Due to the seasonal nature of our business and other factors, our results of operations and our financial condition for the periods presented are not necessarily indicative of the results of operations and financial condition to be expected for or as of any other period.


Basis of Presentation


Our unaudited Condensed Consolidated Financial Statements include our accounts, the accounts of our wholly owned subsidiaries, the accounts of our majority owned or otherwise controlled subsidiaries and the accounts of our consolidated VIE for which we are the primary beneficiary. For unconsolidated entities that we do not control, but exercise significant influence over, we use the equity method of accounting and our proportionate share of income or loss is recorded on the unaudited Condensed Consolidated Statements of Income.
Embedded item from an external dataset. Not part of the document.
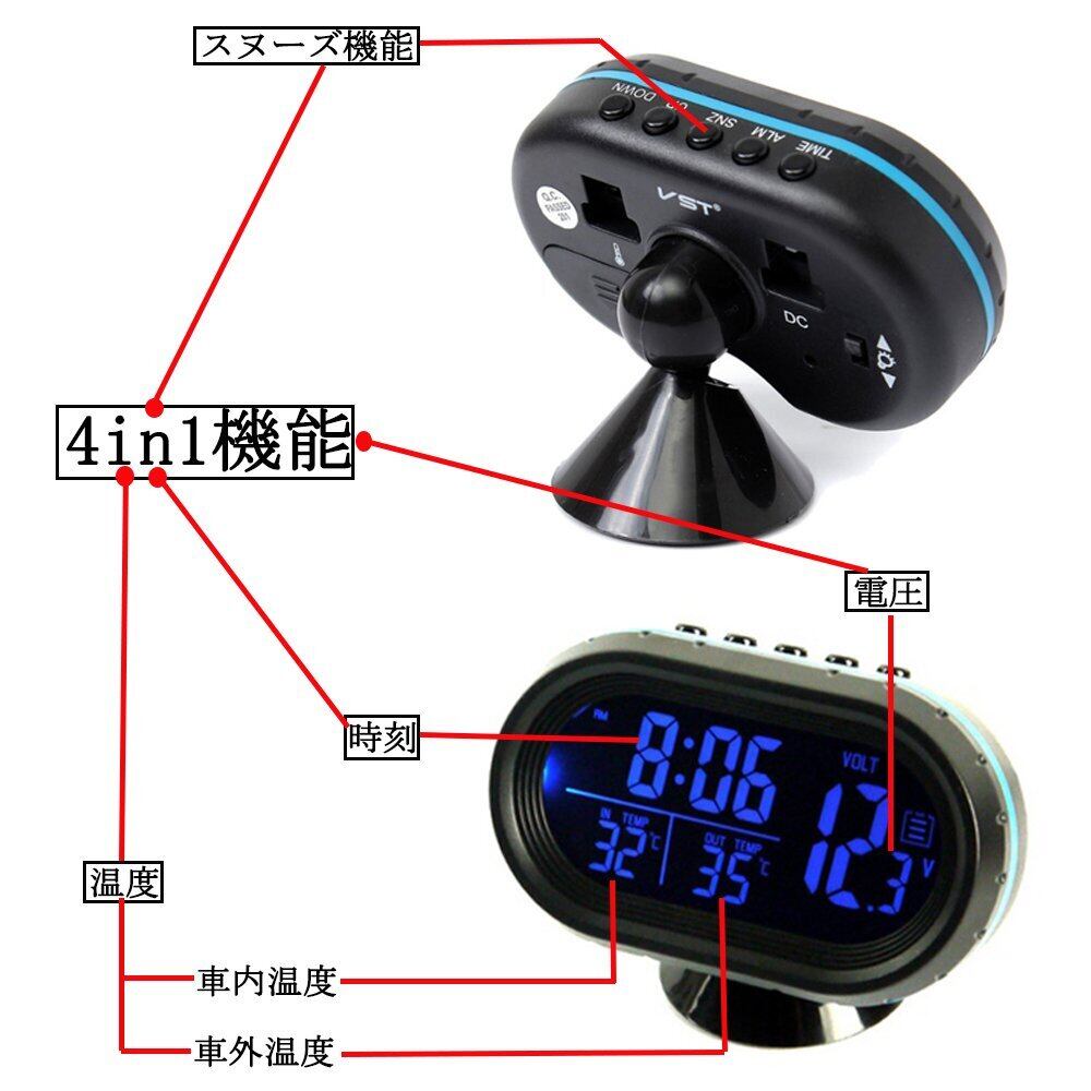 Boomboost 4in1機能 電圧計 時刻 車内外温度 アラームスヌーズ機能 ナイト クロック 時間ディスプレイ

See Note 9 for additional information. We have eliminated intercompany profits and transactions in consolidation except for intercompany profits where recovery of such amounts is probable under the affiliates’ rate regulation process.
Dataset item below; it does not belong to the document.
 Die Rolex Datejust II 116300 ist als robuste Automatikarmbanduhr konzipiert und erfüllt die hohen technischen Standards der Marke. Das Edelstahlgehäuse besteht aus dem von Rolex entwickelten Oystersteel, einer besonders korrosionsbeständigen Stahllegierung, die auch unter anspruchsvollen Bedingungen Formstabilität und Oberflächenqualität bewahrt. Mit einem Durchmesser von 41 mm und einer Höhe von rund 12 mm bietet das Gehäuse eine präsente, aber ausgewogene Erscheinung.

Revision of Previously-Issued Financial Statements We have revised our financial statements and other affected disclosures for items related to the recognition of revenues for certain of our regulatory infrastructure programs and the amortization of our intangible assets. We evaluated the cumulative impact of these items, together with other previously-identified adjustments for the same periods under the guidance in Accounting Standards Codification 250 Accounting Changes for Error Corrections (ASC 250) relating to SEC Staff Accounting Bulletin (SAB) No. 99, Materiality, and concluded that the revisions were not material, individually or in the aggregate, to any previously-issued quarterly or annual financial statements. We also evaluated the impact of revising these items through an adjustment to our financial statements for the quarter ended September 30, 2014 and concluded, based on the guidance within ASC 250 relating to SAB No. 108, Considering the Effects of Prior Year Misstatements when Quantifying Misstatements in Current Year Financial Statements, to revise our previously-issued financial statements to reflect the impact of these revisions. Our prior-period financial statements have been revised in this Amended Filing. On November 7, 2014, we filed an amended Form 10-K/A revising certain prior period information with respect to our Annual Report on Form 10-K for the year ended December 31, 2013. See Note 13 for additional information.
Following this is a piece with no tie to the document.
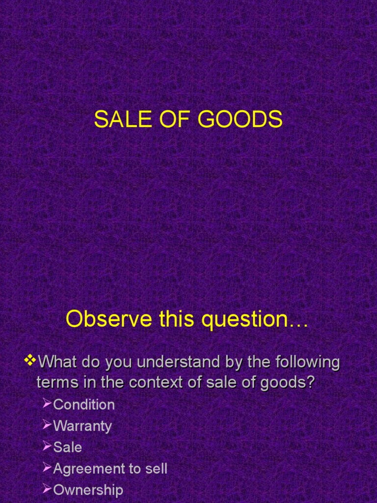 Sale of goods acts (with variations) regulate the sale of goods in several legal jurisdictions including malaysia, new zealand, the united kingdom and the common law provinces of canada. Sale of goods act 1957. Sale of goods act (with its variations) is a stock short title used for legislation in malaysia, new zealand and the united kingdom relating to the sale of goods. In the customary course of bus such as broker, auctioneer, dealer of goods for commission. How sale is made a contract of sale is made when an offer buys or sells goods for a price and the acceptance of such an offer.
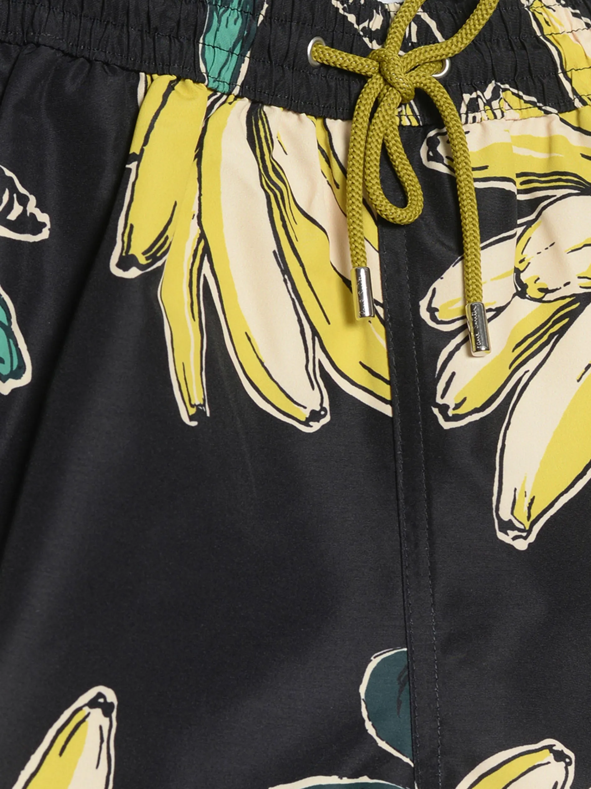 Cut from a recycled polyester-blend, these black swim shorts feature a banana print throughout.

We previously disclosed in our Form 10-K/A that the revisions did not impact any incentive compensation that was based on our results for 2013, 2012 and 2011. However, subsequent to the filing of our Form 10-K/A, we determined that for 2011, had the underlying accounting originally reflected the distinction between regulatory accounting principles and GAAP, certain long-term incentives that were based on our results for the performance period ended December 31, 2011, would not have been awarded. Specifically, in February 2012, based upon results for the performance period ended December 31, 2011, we would not have awarded officers (as defined for purposes of Section 16 of the Securities Exchange Act of 1934, as amended) (1) performance cash unit awards with an aggregate value of approximately $1 million and (2) a total of 37,290 shares of restricted stock. Management has evaluated this item in relation to its previously filed Form 10-K/A and materiality conclusions under Staff Accounting Bulletin No. 99 and has concluded that it does not change its prior materiality conclusion.



Discontinued Operations On April 4, 2014 we entered into a definitive agreement to sell Tropical Shipping, which historically operated within our cargo shipping segment. We closed on the sale of Tropical Shipping in September 2014. The assets and liabilities of these businesses are classified as held for sale on the unaudited Condensed Consolidated Statements of Financial Position
, and the financial results of these businesses are reflected as discontinued operations on the unaudited Condensed Consolidated Statements of Income. Amounts shown in the following notes, unless otherwise indicated, exclude assets held for sale and discontinued operations. Cargo shipping also included our investment in Triton, which was not a part of the sale and has been reclassified into our “other” segment. See Note 12 for additional information.